The Media in the Press 24.11.09

Media magnate, Rupert Murdoch, has been forthright about his desire to make people pay for access to his news websites. But has he found the solution?

Second-year Journalism student, Alan Robertson, of Strathclyde University, takes a look at the media stories making it into the pages of today’s papers….

Charging for journalism online looks set to become a reality with Microsoft and Rupert Murdoch of News Corporation entering talks that could see the technology group pay for exclusive rights to content from his newspapers.

The move would see stories from News Corp publications, such as the Times and the Sun, appearing on Microsoft’s search engine, Bing, while removing search results from rival, Google.

Murdoch Turns to Gates for Website Help’, reports The Independent (page 18), while business columnist, David Prosser, adds that the deal could be ‘a win-win’ for both parties (page 35). The story also crops up in the business pages of The Daily Telegraph (Business, page 8) where James Murdoch, News Corp’s head of Europe and Asia, is quoted from last week, saying: “We invest quite a lot in our journalism and we are proud of it. We think we should charge a fair price for it.”

The Guardian (page 25) says that the talks are at ‘an embryonic stage’ and are part of Murdoch’s wider vision to establish new revenue streams online and prevent “what he sees as theft of his content by large web companies such as Google”. As part of this vision, several News International titles, including The Times, will have paywalls in place by next Spring.

The Scotsman (Business, page 8), meanwhile, quotes Elisa Dashwood, account director at Edinburgh-based internet marketing agency, Ambergreen, who says: “Murdoch has laid out a blueprint for how to kick Google in the teeth. All it would take is for someone like Daily Mail & General Press or Trinity Mirror to follow suit and, all of a sudden, Google will be asking what’s going on.”

Elsewhere, another of News International titles, the News of the World, makes it into the pages of today’s papers after a former reporter was awarded almost £800,000 for unfair dismissal and disability discrimination. Matt Driscoll, a sports reporter sacked in April two years ago, received what is believed to be the highest payout of its kind in the media for alleged bullying, The Guardian (page 2) reports.

The BBC has come under fire once again, this time by the Taxpayers' Alliance for spending £153,500 giving away trees and vegetable seeds.

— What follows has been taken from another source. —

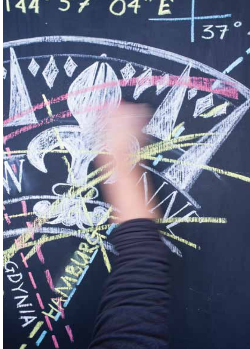
Floor chalk drawing (2015). (Detail). >

The Sea is All Around Us is an installation inviting seafarers and visitors to participate in a global project which aims to map the mobile life of seafaring souvenirs. For a fortnight in May 2015, visiting seafarers activate a chalk drawn compass on the circular floor of the Dome Gallery at The Mission to Seafarers Victoria in Flinders Street, Melbourne, marking the intersection of its latitude and longitude (37° 49'21" S 144° 57'03"E). Over these two weeks the Dome Gallery will be inscribed with marks mapping the multifarious journeys made by seafarers, recording destination and departure ports, homelands and waterways, and in doing so will make visible a small segment of the global patterns of seafaring. Custom-made souvenirs designed for the installation are gifted to seafarers as gestures of welcome and receptacles for future memories. I design these souvenirs in Australia and have them manufactured in Poland so they can continue their journey by sea, to destinations far beyond the Dome. Each of the limited edition enamelware mugs, postcards and catalogues imprinted with a QR code become trackable, mobile objects. Like messages in bottles these souvenirs will leave our shores, as ambassadors, carrying with them memories of the Norla Dome, the waters

The handouts are part of a campaign to encourage people to do more for the environment, yet the Alliance has condemned the Corporation for using license fees as if they were “a bottomless pit of cash”, the Daily Telegraph (page 13) says.

And The Herald (page 13) reports that ten journalists were among at least 21 people murdered in the southern Philippines yesterday after an election convoy was ambushed by dozens of gunmen. More recent reports from Reporters Without Borders suggest the number of journalists killed is at least 12, while adding: “Never in the history of journalism have the news media suffered such a heavy loss of life in one day.”

Other media stories:

* The remains of British journalist, Alec Collett, who was kidnapped in 1985, have been found in Bekaa Valley, Lebanon -The Times (page 40), The Herald (page 13), The Guardian (page 13).

* Broadcasting regulator, Ofcom, has cleared X Factor judge, Dannii Minogue, after 4000 complaints were made over alleged homophobic remarks – Daily Record (page 3).

* The Scotsman’s 'Under the Radar' column, devoted to new music, has been shortlisted for a prestigious award honouring the best in music journalism and PR across the UK – The Scotsman (page 3).

* X Factor twins, John and Edward Grimes, look set to profit despite their departure from this year’s programme with industry experts estimating that the two could make as much as £2 million over the next year – The Times (page 9).